AIM OF THE TASK: Copy exactly the lines of the data below, beginning with the line with "4月16日日落时分,中国设计师杨乐携中国设计师女装品牌AWAYLEE SS2024「Back Youth" and ending with the line with "Některé suroviny jsou". Pictures are to be omitted.

RECORDS PROVIDED:
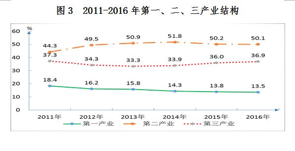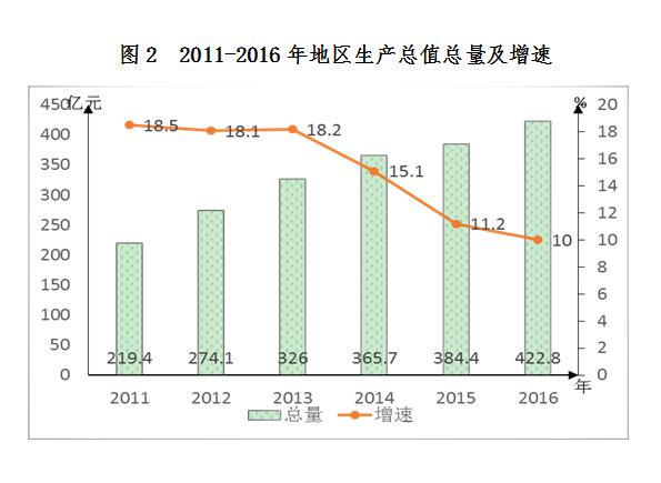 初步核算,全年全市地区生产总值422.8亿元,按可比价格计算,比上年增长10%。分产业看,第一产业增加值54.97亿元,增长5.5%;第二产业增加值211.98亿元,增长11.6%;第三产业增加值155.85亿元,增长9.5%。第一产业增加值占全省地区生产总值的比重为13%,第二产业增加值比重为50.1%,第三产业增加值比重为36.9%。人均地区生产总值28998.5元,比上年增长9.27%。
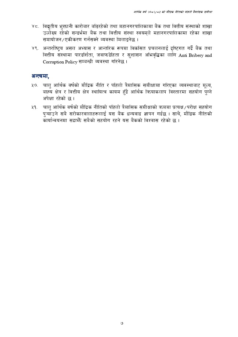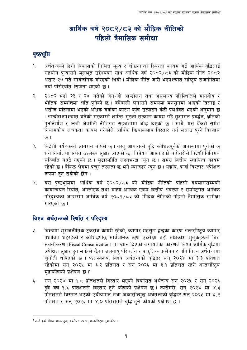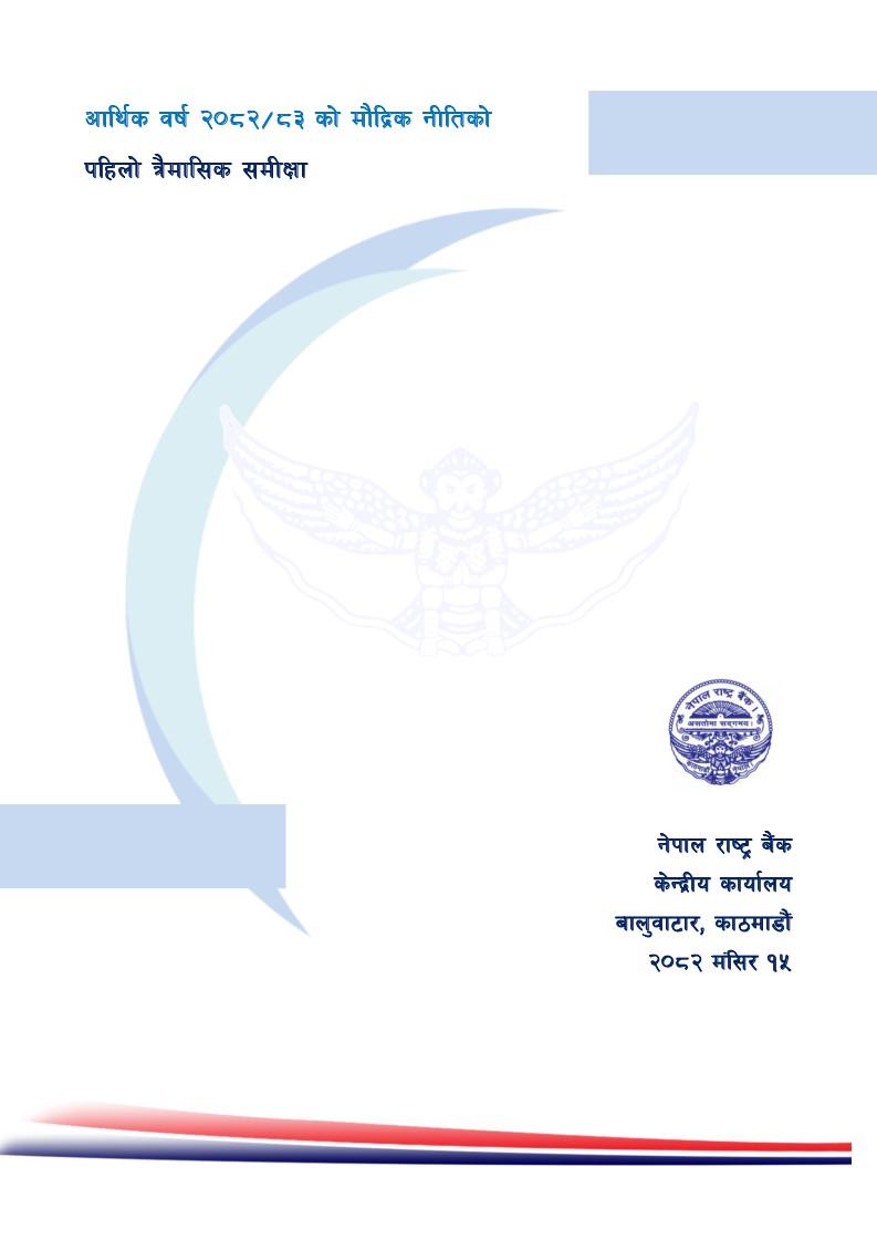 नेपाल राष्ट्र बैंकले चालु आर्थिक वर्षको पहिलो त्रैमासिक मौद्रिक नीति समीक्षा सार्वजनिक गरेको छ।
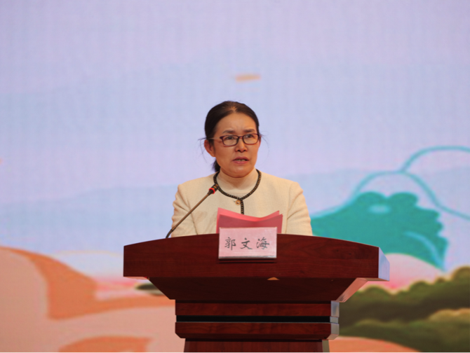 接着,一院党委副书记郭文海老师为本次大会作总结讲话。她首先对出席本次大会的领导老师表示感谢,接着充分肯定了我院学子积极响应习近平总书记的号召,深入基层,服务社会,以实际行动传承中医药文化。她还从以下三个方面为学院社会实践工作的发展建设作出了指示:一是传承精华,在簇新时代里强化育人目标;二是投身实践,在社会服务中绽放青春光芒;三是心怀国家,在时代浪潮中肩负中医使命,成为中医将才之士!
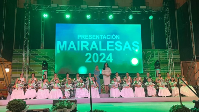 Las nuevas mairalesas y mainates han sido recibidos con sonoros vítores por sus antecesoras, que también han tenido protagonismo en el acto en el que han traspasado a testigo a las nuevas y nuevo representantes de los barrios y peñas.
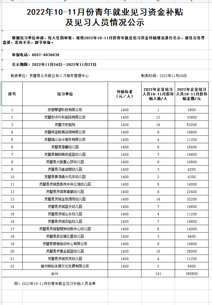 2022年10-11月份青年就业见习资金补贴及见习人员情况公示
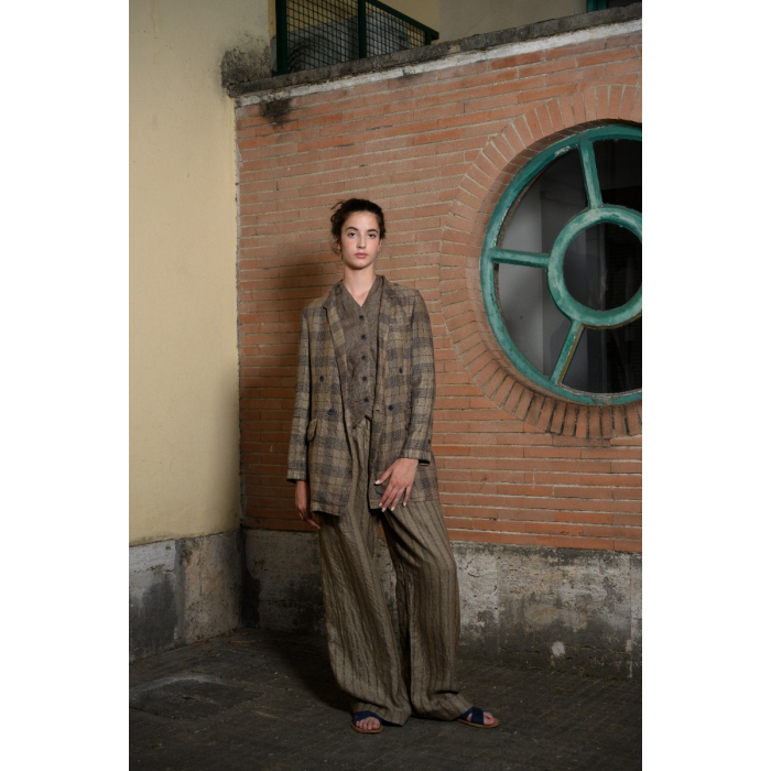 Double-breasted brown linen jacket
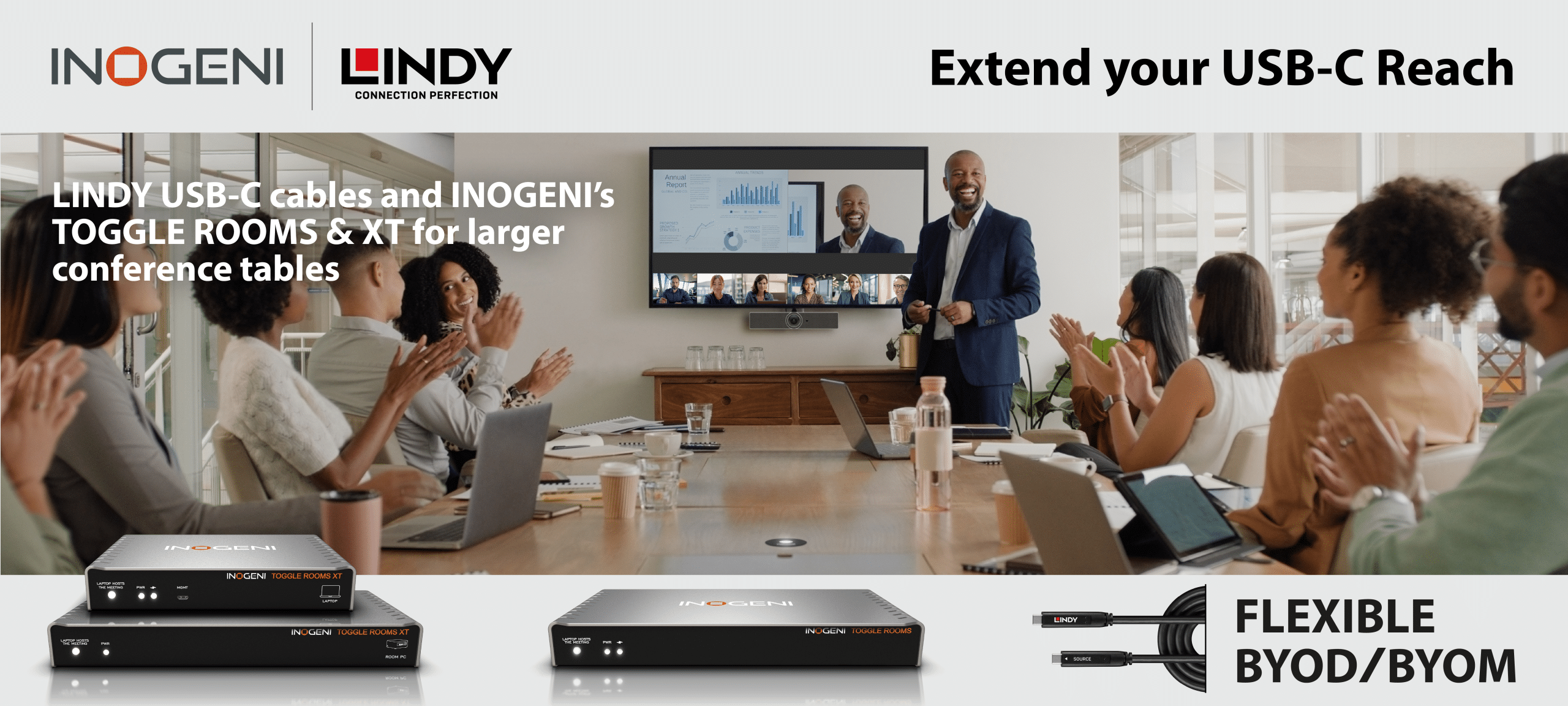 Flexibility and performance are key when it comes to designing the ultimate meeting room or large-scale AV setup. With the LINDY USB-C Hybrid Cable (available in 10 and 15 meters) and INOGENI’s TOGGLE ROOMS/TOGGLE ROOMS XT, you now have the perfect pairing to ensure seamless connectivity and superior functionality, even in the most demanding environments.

---

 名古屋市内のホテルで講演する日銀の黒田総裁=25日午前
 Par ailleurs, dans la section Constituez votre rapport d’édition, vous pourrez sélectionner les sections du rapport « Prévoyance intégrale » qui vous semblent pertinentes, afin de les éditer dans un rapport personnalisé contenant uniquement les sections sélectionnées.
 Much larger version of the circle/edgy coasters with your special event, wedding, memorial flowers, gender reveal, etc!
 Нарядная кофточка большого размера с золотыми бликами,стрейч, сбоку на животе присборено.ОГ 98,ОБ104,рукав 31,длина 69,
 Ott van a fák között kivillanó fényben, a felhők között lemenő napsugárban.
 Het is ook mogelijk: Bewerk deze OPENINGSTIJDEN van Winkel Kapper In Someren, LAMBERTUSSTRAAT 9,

* * *

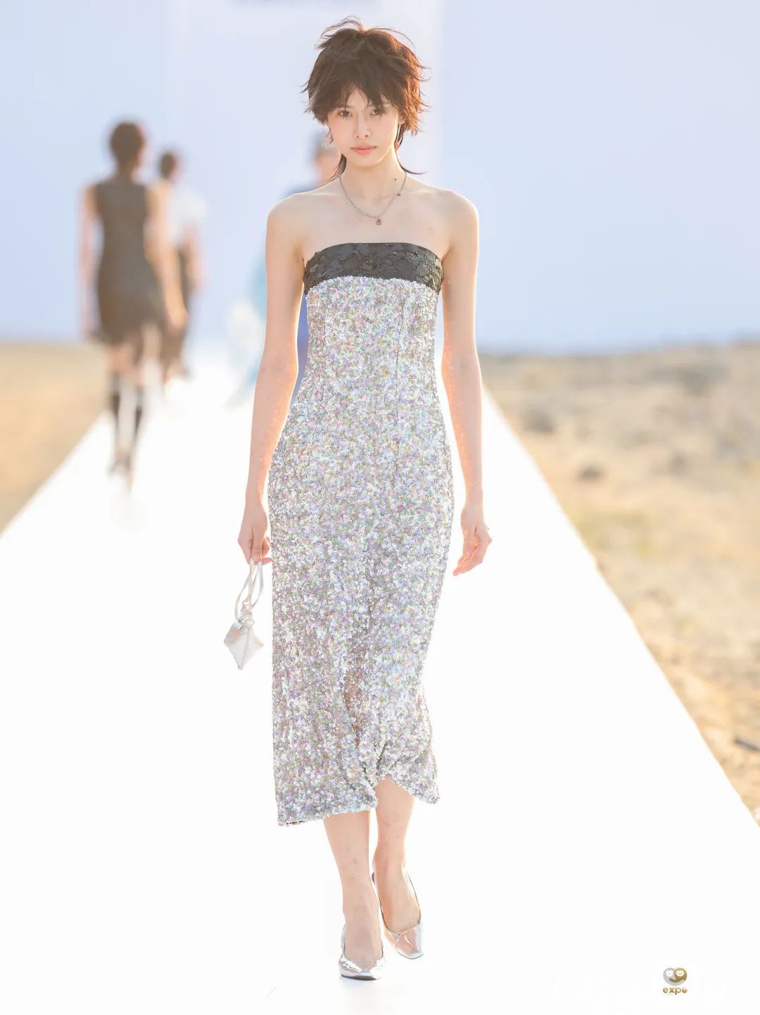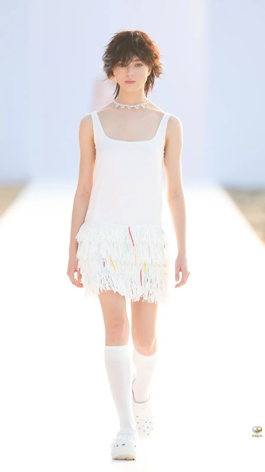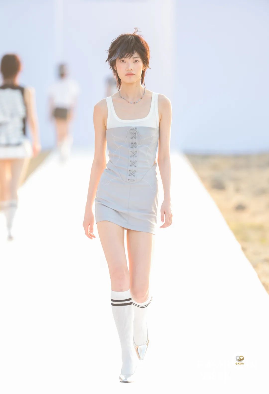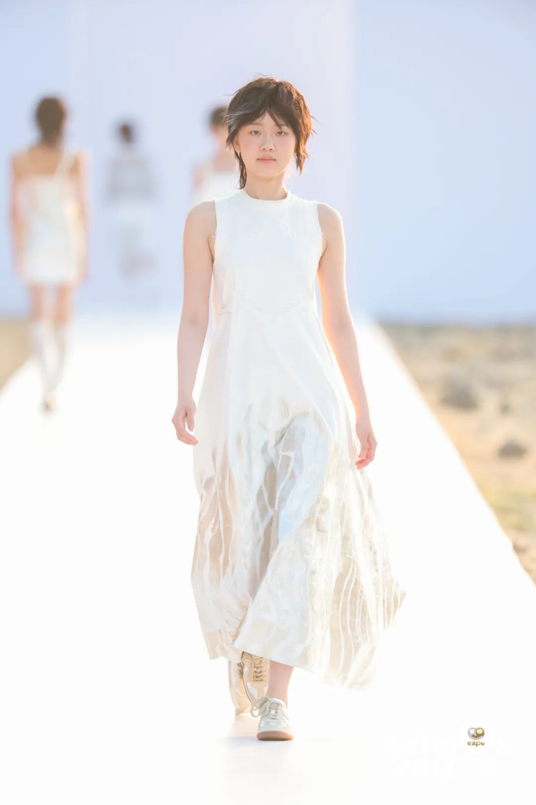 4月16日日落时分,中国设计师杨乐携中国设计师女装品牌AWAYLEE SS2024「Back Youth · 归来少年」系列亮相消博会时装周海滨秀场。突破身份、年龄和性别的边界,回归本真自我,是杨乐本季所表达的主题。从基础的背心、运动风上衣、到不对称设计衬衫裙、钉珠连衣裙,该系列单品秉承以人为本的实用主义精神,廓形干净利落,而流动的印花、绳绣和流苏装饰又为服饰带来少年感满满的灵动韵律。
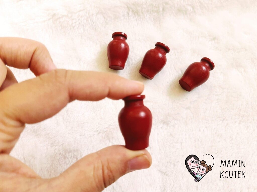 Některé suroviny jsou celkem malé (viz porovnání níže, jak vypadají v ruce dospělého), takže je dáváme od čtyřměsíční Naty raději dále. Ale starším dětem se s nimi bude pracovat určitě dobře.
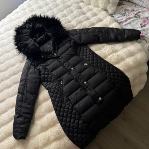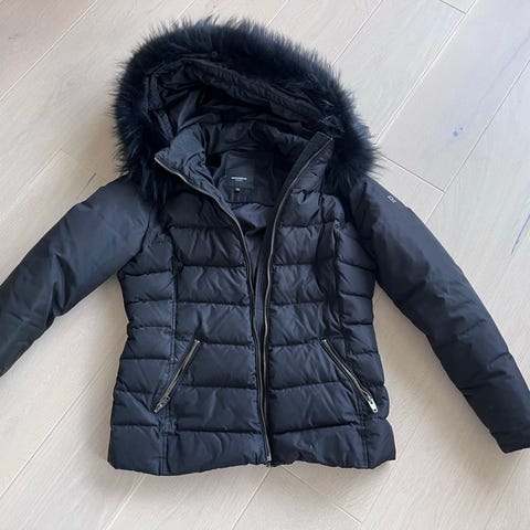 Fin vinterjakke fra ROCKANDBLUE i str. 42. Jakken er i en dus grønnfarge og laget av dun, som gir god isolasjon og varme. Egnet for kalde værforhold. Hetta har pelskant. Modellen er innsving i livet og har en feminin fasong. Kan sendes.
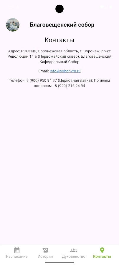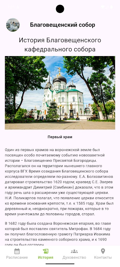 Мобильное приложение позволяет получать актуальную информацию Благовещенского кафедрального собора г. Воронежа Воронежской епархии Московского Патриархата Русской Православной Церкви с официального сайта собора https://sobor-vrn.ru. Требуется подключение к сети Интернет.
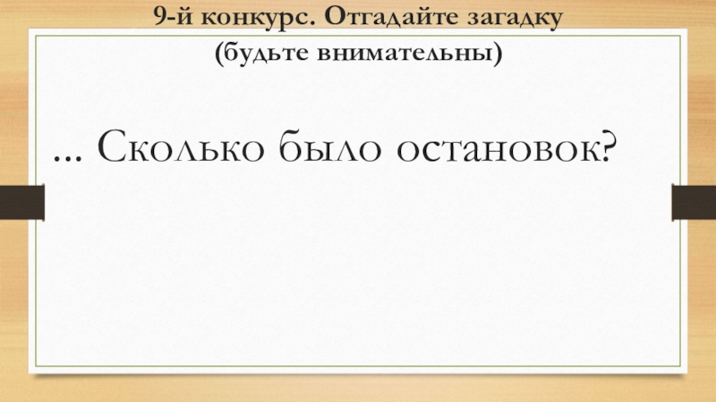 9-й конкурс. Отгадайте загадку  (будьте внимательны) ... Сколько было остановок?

WRITTEN RESPONSE:
 4月16日日落时分,中国设计师杨乐携中国设计师女装品牌AWAYLEE SS2024「Back Youth · 归来少年」系列亮相消博会时装周海滨秀场。突破身份、年龄和性别的边界,回归本真自我,是杨乐本季所表达的主题。从基础的背心、运动风上衣、到不对称设计衬衫裙、钉珠连衣裙,该系列单品秉承以人为本的实用主义精神,廓形干净利落,而流动的印花、绳绣和流苏装饰又为服饰带来少年感满满的灵动韵律。
 Některé suroviny jsou celkem malé (viz porovnání níže, jak vypadají v ruce dospělého), takže je dáváme od čtyřměsíční Naty raději dále. Ale starším dětem se s nimi bude pracovat určitě dobře.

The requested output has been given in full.